[Collection entries]
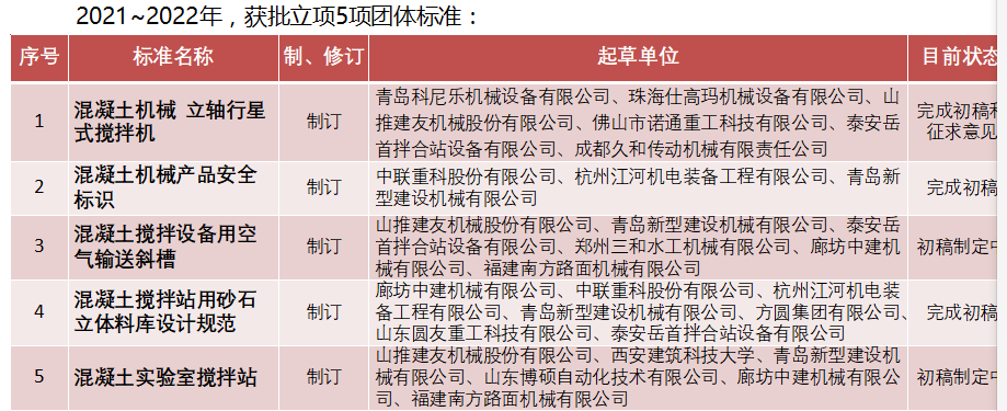 以市場需求為導(dǎo)向,圍繞產(chǎn)品鏈,今年重點(diǎn)從“關(guān)鍵部件/系統(tǒng),新材料、新能源,智能產(chǎn)品、智能互聯(lián)”方1立項(xiàng)團(tuán)體標(biāo)準(zhǔn),引導(dǎo)和服務(wù)混凝十機(jī)械行、發(fā)展。 2022年擬申請團(tuán)體標(biāo)準(zhǔn)立項(xiàng)10項(xiàng)以上。
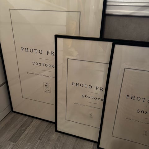 Selger 3 stk. svarte trerammer i størrelse 50x70 fra Desenio. De koster 429 kr på nettsiden, men selges for 200 kr her. Du kan kjøpe én ramme også.
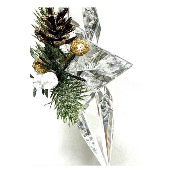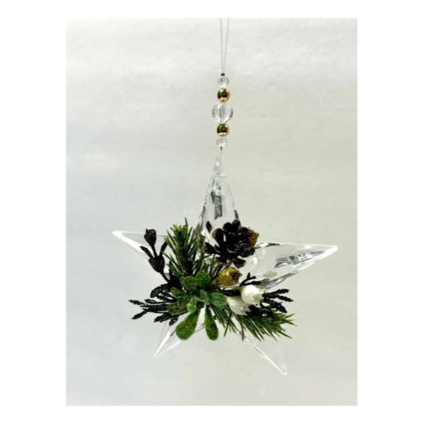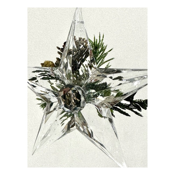 - Clear acrylic star with green and gold mistletoe and pine greenery on front, large clear rhinestone on back with clear and gold beads on clear hangar
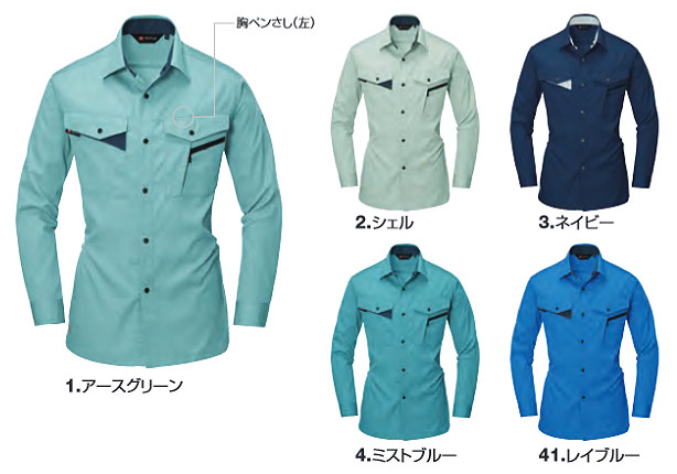 春夏四季バートル6023長袖シャツ 素材/エコライトチノ、制電ケア設計混率/ポリエステル65% ・ 綿35%(リサイクル素材65%使用) カラー/ 2.シェル 1.アースグリーン 4.ミストブルー 41.レイブルー 3.ネイビー サイズ/ S-LL、 3L 4L 5L |
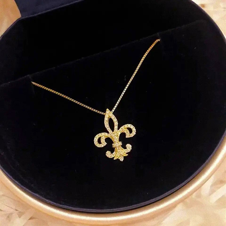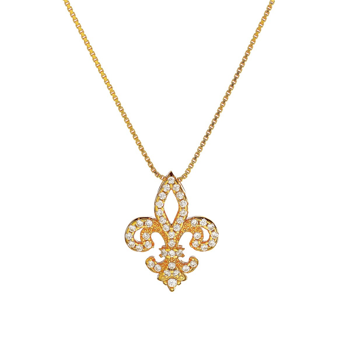 Sidabrinė auksuota lelija su cirkoniais ir grandinėle
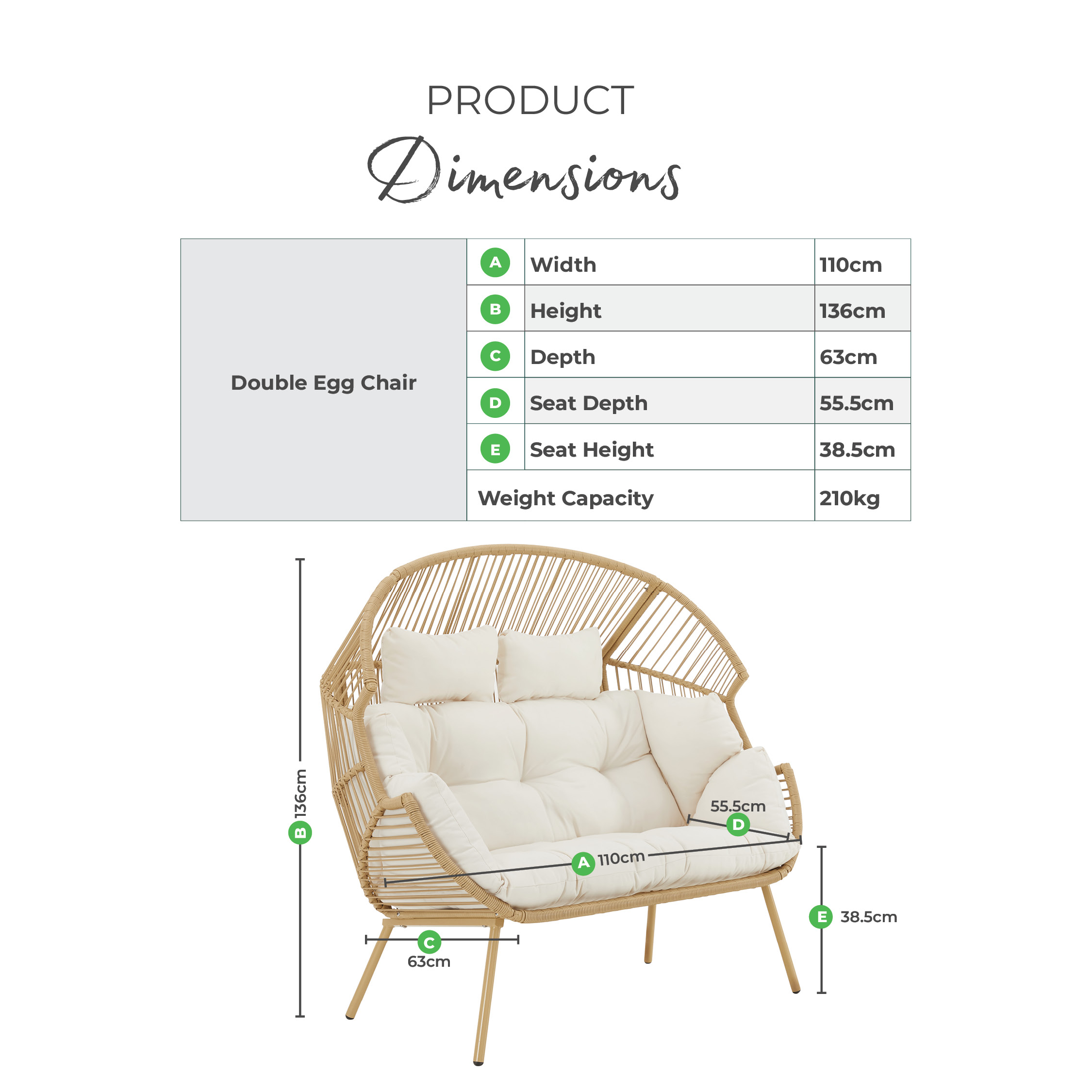 Width (cm) 145 Height (cm) 137 Depth (cm) 84 Display Variant Yes Colour Wood Material Rattan Finish Upholstered Feature 1 Cosy double egg chair for both indoor and outdoor use Feature 2 Textured light brown PE rattan weave for a natural look Feature 3 Thick cream cushions Feature 4 UV and weather resistant chair frame, splash-proof cushions Feature 5 1 year warranty delivery_time Free next working day delivery available on orders before 8pm* delivery_pick_a_day Pick a delivery day to suit you delivery_door_to_door Door to door delivery. Delivery to flats cannot be taken up stairs or in lifts Chair Finish Powder Coated Chair Frame Material Metal Feet Material Metal Chair Upholstery Material Fabric Rattan Type Poly Rattan Water Resistant Cushion Partial Chair Cushion Colour Cream UV Resistant Partial Chair Frame Colour Black Chair Depth (cm) 84 Chair Width (cm) 146 Chair Height (cm) 136 Chair Back Height (cm) 136 Seating Depth (cm) 55.5 Chair Weight (kg) 23.65 Seat Height (cm) 38.5 Arm Height (cm) 68 Seat Padding Thickness (cm) 10 Back Padding Thickness (cm) 10 Number Of Seats 2 Seat Weight Capacity PP (kg) 105 Product Weight (kg) 24 Assembly Details Assembly Required Weight Capacity 210 Intro Offer? No Date Listed 2025-09-25T00:00:00.000Z merch_category Accent Chairs -
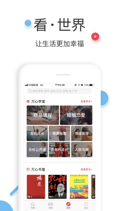 万心社是一款为企业员工提供心理健康和精神成长文化服务的APP,集在线课程、正念冥想、电子书、线下活动、心理测试、心理咨询等一体,全方位帮助员工缓解工作压力、改善工作情绪、提高工作积极性、增强员工自信心、有效处理同事/客户关系、迅速适应新的环境、克服不良嗜好等问题,提升他们的个人生活质量和工作绩效,从而使员工个人和企业都能够受益。
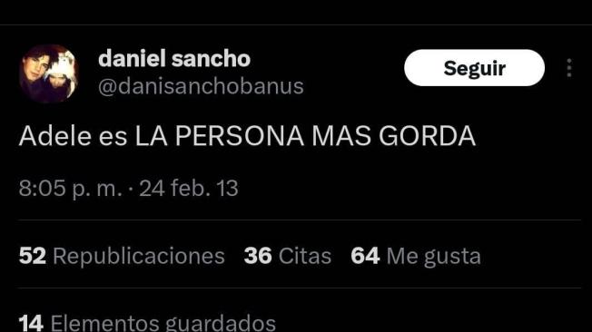 Finalmente, hay otro trino donde habla de la cantante Adele, en el que se refiere a ella como la personas más gorda.
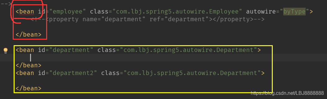--><bean id="employee" class="com.lbj.spring5.autowire.Employee" autowire="byName"><!--<property name="department" ref="department"></property>--></bean><bean id="department" class="com.lbj.spring5.autowire.Department"></bean></beans>
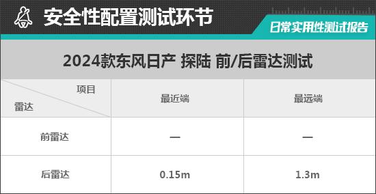 在測試過程中,倒車雷達最遠在1.3m處可感應到后方物體,持續蜂鳴階段距離為0.15m。參考往期測試經驗,持續蜂鳴階段越接近0.25m則越貼近日常使用習慣。從實測數據來看,評測車的持續蜂鳴提示距離與測試經驗值相差較大,在狹小區域泊車時需要特別注意。
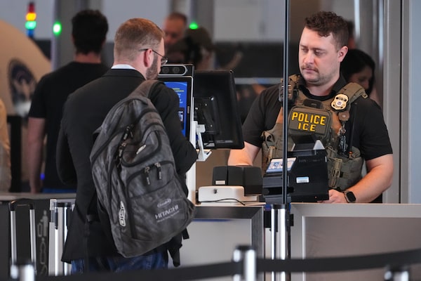 An ICE officer mans a TSA checkpoint at Pittsburgh International Airport in Imperial, Pa.Gene J. Puskar/The Associated Press
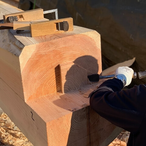 伝統技術を受け継いだ大工が用途によって木材を選別し、捩ねぢれや曲がり・歪みを調整しながら一本一本の材料に墨を付け、ノコギリや鑿のみを使って全て手作業で加工を行う工程が「手刻み」です。 -
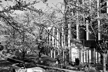 真っ白なビルを背景に咲き誇るソメイヨシノ、観光客は入れないのだろう。数人の関係者がゆったりと遅い昼ご飯を食べている様子、昔の映画の一コマのようだった。
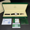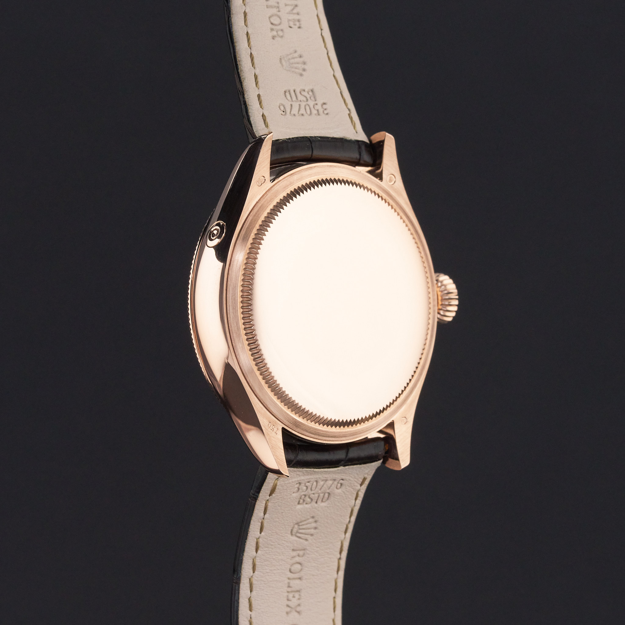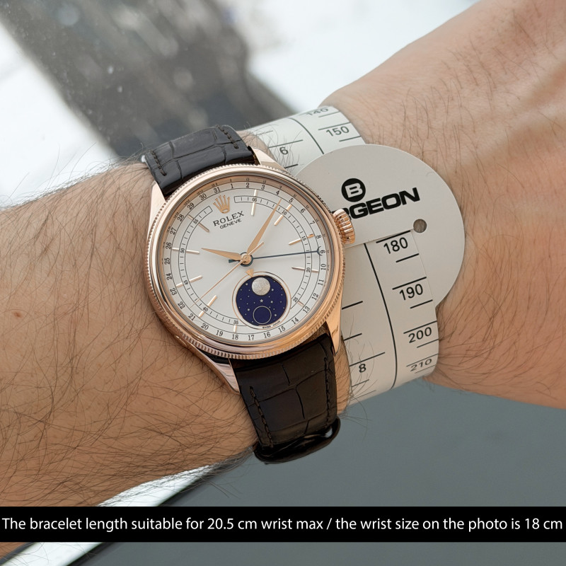 This particular Rolex Cellini Moonphase introduced in 2019, is a refined expression of classic watchmaking infused with poetic charm. The clean white dial provides a serene backdrop for the beautifully detailed moonphase display, adding depth and emotion to the design. Elegant and harmonious, the watch reflects a balance between traditional aesthetics and artistic detail.
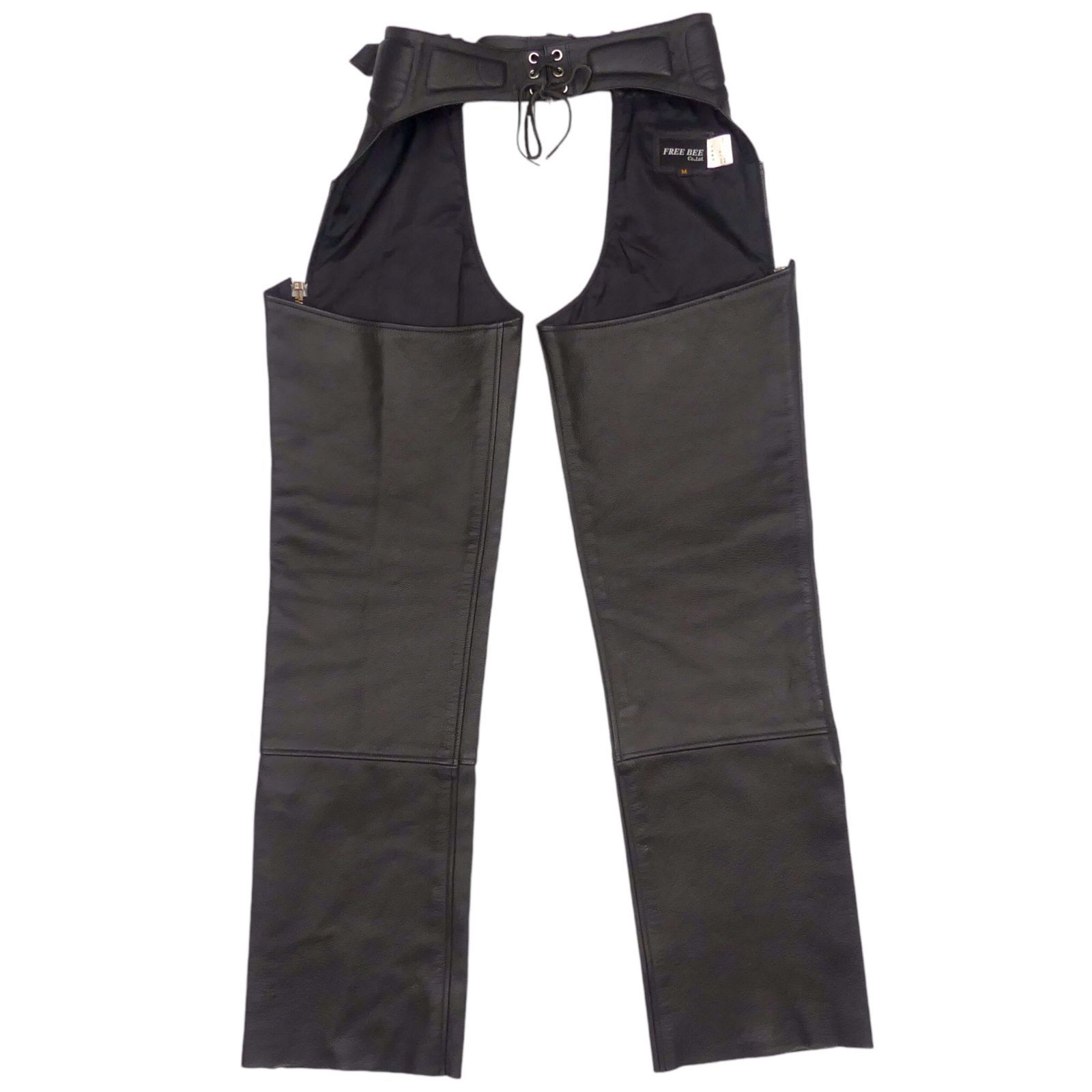 即決★FREE BEE★M レザーチャップス レザーパンツ メンズ 黒 本革 ライダースパンツ 本皮 パンクロック ライディング ツーリング
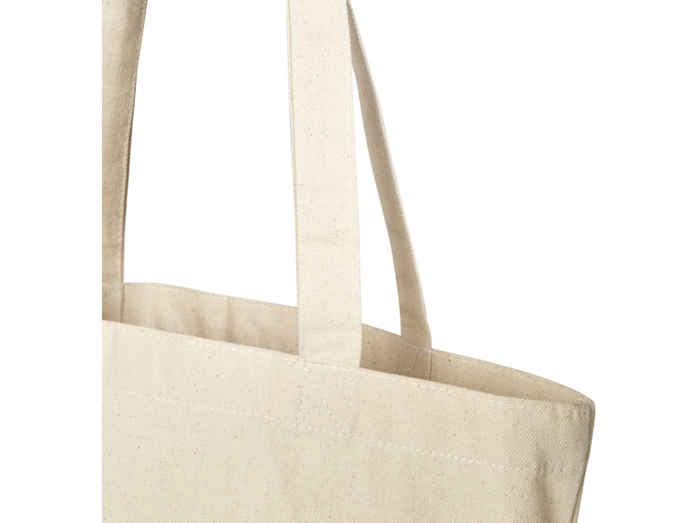 Эко-сумка Orissa с широким дном и длинными ручками, изготовленная из 100% органического хлопка, сертифицированного согласно GOTS, плотностью 270 г/м², станет более ответственным и долговечным выбором для ваших повседневных нужд. Благодаря широкому дну в нем предусмотрено дополнительное место для самых необходимых вещей на любой случай — от похода по магазинам до повседневной прогулки. Объем: 10 литр. Органический хлопок.

### [What the task asks]
The lines to restate word for word run from the line that contains "即決★FREE BEE★M レザーチャップス" through the end of the entries above, both ends included. Leave out all pictures and write nothing else.

### [Answer space]
 即決★FREE BEE★M レザーチャップス レザーパンツ メンズ 黒 本革 ライダースパンツ 本皮 パンクロック ライディング ツーリング
 Эко-сумка Orissa с широким дном и длинными ручками, изготовленная из 100% органического хлопка, сертифицированного согласно GOTS, плотностью 270 г/м², станет более ответственным и долговечным выбором для ваших повседневных нужд. Благодаря широкому дну в нем предусмотрено дополнительное место для самых необходимых вещей на любой случай — от похода по магазинам до повседневной прогулки. Объем: 10 литр. Органический хлопок.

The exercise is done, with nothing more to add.